I do that. On the guys portrait in particular (women's look awesome) we took a few poses, me showing him and getting approval with each one, which he and his female partners liked (viewing on the camera). I showed him the best of them via online gallery, but a few I left out. Personally his body posture overall the whole time was very unconfident and "slouchy" and my husband picked up on it big time the day of. The fact that he thinks he looks too stern is a bit odd to me. But in a few of the pic the way he stood my husb felt he looked unconfident and like he had to go to the bathroom. So I didn't put those up, but they are up now b/c he asked! I did delete a lot of them up front, but I save a few in case I need them for something.
So if you delete all the duplicates then you are showing them 1 proof of each pose correct?

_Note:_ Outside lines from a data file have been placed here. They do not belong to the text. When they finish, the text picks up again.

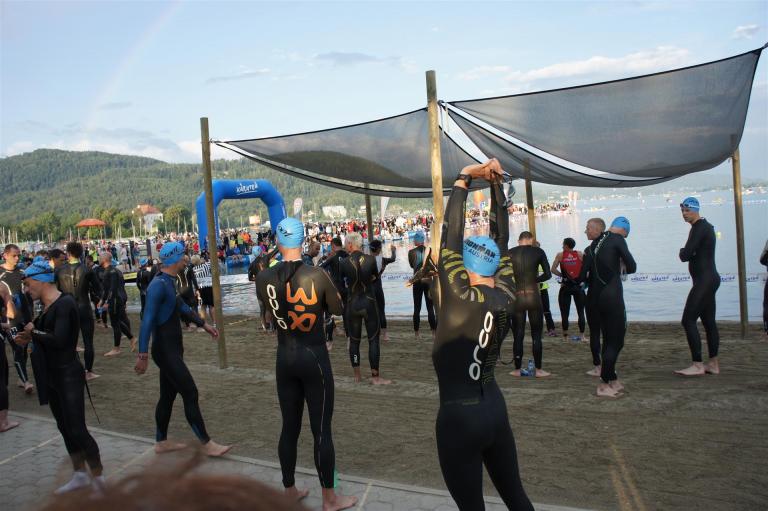 Wie bereits im Vorjahr gab es wieder eine frühere Startgruppe, die bereits um 6:45 Uhr zeitgleich mit den Profis startete. Glücklicherweise war ich in dieser Gruppe, was den Schwimmstart und das Schwimmen doch etwas angenehmer machte. Es ist schon ein Unterschied ob man mit ca. 2.600 Athleten an den Start geht oder nur mit einigen 100.
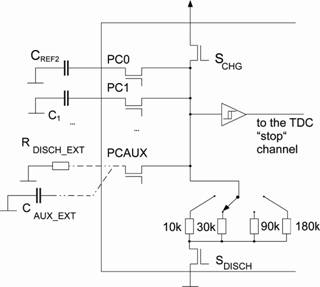 电容首先被充电到电源电压,然后通过电阻进行放电。而放电到一个可控制阚值电压的水平将会被芯片内部的非常高精度时间数字转换器TDC所记录下来。
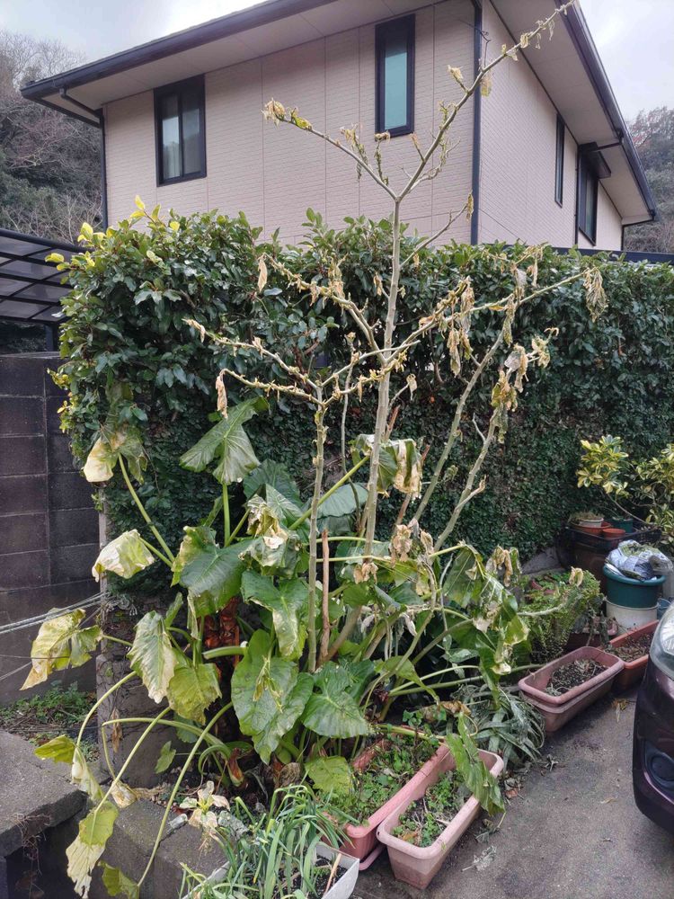 11、12日と2日連続で強い霜が降りたのでエンゼルトランペットとクワズイモが一気にチリチリに・・・
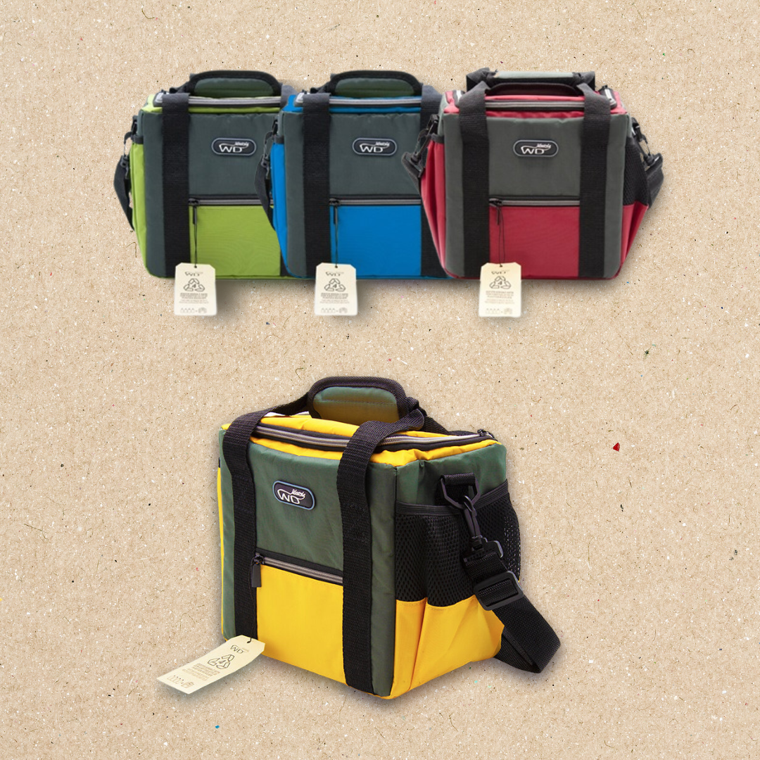 Borsa termica con tessuto in PET riciclato. Disponibile nei seguenti colori: bianco, verde, blu, rosso, arancione e nelle seguenti capacità : 8l

I try to not use the term "pose" because the person could be standing (posing) the same way but I might compose the shot in various ways. Those various compositions are kept if I like them but I delete ALL identicals and technical flubs.
So yes, one proof of each "pose" if you define it as a composition rather than body posture. Everything else is deleted before I export them from Lightroom so I can rename the raw files sequentially.
I have no problems deleting bad posture photos or anything simply not good, although if they look THAT bad I'll see it in my viewfinder and won't even take the photo. I also have no problems telling people they looked terrible in those shots. I have a rapport with my clients in which I'm saying these things during the shoot though too; "yeah that was lame let's do it again" and "more GQ, less pissed." So really I know what's bad immediately, stop, give them a little more instruction/explanation/detail to try again right then and there. The whole point is to make them look good.
My proof rate is about 90% of all photos taken unless we're going highly experimental (eg you don't get many keepers when they're doing a catwalk into a specific location due to lighting setups). The selection is then a matter of taste.